• _Records provided_:
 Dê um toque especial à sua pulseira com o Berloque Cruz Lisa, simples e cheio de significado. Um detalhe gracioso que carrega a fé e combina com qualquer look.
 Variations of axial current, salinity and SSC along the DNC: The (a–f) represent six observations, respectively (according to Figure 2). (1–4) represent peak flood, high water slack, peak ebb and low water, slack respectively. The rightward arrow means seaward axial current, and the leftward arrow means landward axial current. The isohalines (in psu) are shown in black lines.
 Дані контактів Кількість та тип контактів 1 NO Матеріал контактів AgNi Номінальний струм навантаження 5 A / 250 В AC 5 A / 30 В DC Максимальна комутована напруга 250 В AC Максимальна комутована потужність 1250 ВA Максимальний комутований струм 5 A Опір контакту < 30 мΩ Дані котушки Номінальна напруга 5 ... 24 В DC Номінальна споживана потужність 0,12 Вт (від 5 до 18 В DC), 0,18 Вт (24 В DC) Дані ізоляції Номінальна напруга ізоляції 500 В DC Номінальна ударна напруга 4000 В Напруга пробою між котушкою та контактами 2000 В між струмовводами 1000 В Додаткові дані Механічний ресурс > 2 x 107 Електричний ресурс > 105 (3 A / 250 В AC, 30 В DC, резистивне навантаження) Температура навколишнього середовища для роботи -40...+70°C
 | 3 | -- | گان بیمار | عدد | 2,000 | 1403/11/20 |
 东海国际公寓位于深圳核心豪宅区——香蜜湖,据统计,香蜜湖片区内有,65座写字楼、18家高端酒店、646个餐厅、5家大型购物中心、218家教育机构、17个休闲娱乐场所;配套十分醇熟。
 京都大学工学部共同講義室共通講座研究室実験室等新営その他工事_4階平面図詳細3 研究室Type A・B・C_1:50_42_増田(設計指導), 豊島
==
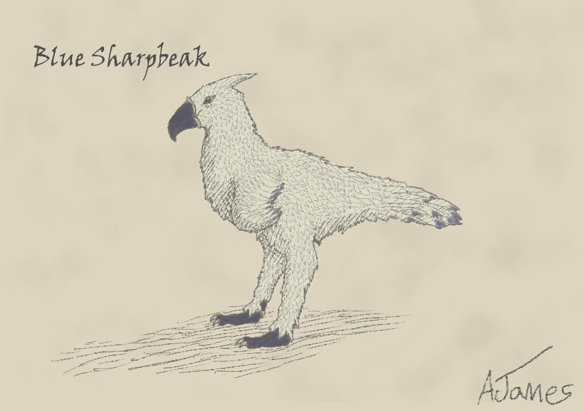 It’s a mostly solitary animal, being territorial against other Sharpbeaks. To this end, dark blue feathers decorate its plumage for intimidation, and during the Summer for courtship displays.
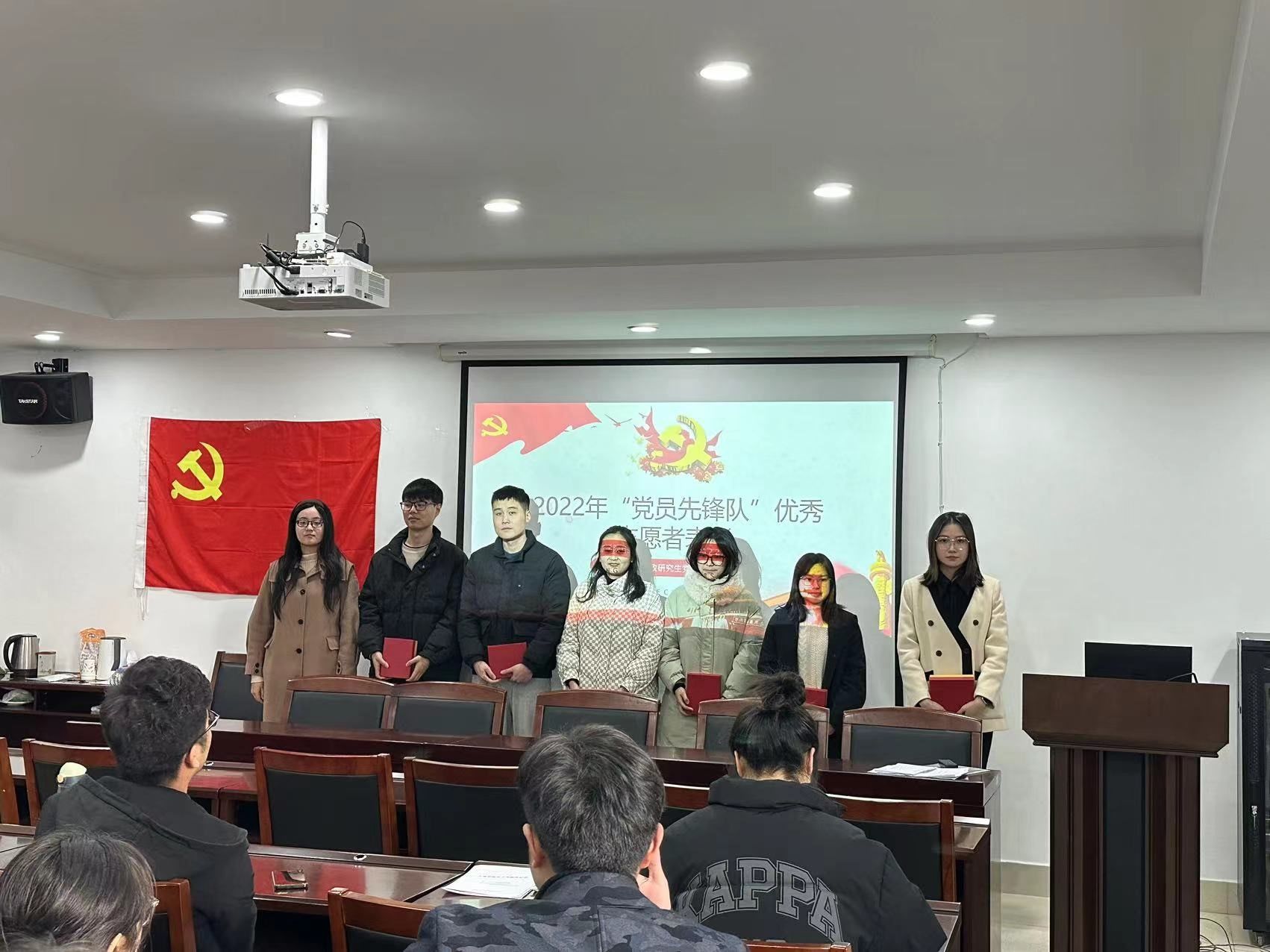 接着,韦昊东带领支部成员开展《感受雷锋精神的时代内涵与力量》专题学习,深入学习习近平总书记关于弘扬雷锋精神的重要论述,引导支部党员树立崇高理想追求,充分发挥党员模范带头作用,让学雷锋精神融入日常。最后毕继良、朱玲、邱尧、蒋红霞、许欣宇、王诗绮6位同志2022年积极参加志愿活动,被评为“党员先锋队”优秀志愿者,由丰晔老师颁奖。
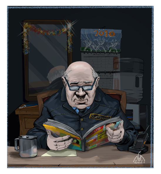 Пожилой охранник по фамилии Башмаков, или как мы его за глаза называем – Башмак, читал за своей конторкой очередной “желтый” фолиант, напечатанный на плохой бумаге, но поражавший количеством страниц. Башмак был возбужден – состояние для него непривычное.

• _Work to complete_: Print, from the entries above, the line with "Dê um toque", the line with "Variations of axial" and all lines between them, exactly and with nothing else.

• _Written response_:
 Dê um toque especial à sua pulseira com o Berloque Cruz Lisa, simples e cheio de significado. Um detalhe gracioso que carrega a fé e combina com qualquer look.
 Variations of axial current, salinity and SSC along the DNC: The (a–f) represent six observations, respectively (according to Figure 2). (1–4) represent peak flood, high water slack, peak ebb and low water, slack respectively. The rightward arrow means seaward axial current, and the leftward arrow means landward axial current. The isohalines (in psu) are shown in black lines.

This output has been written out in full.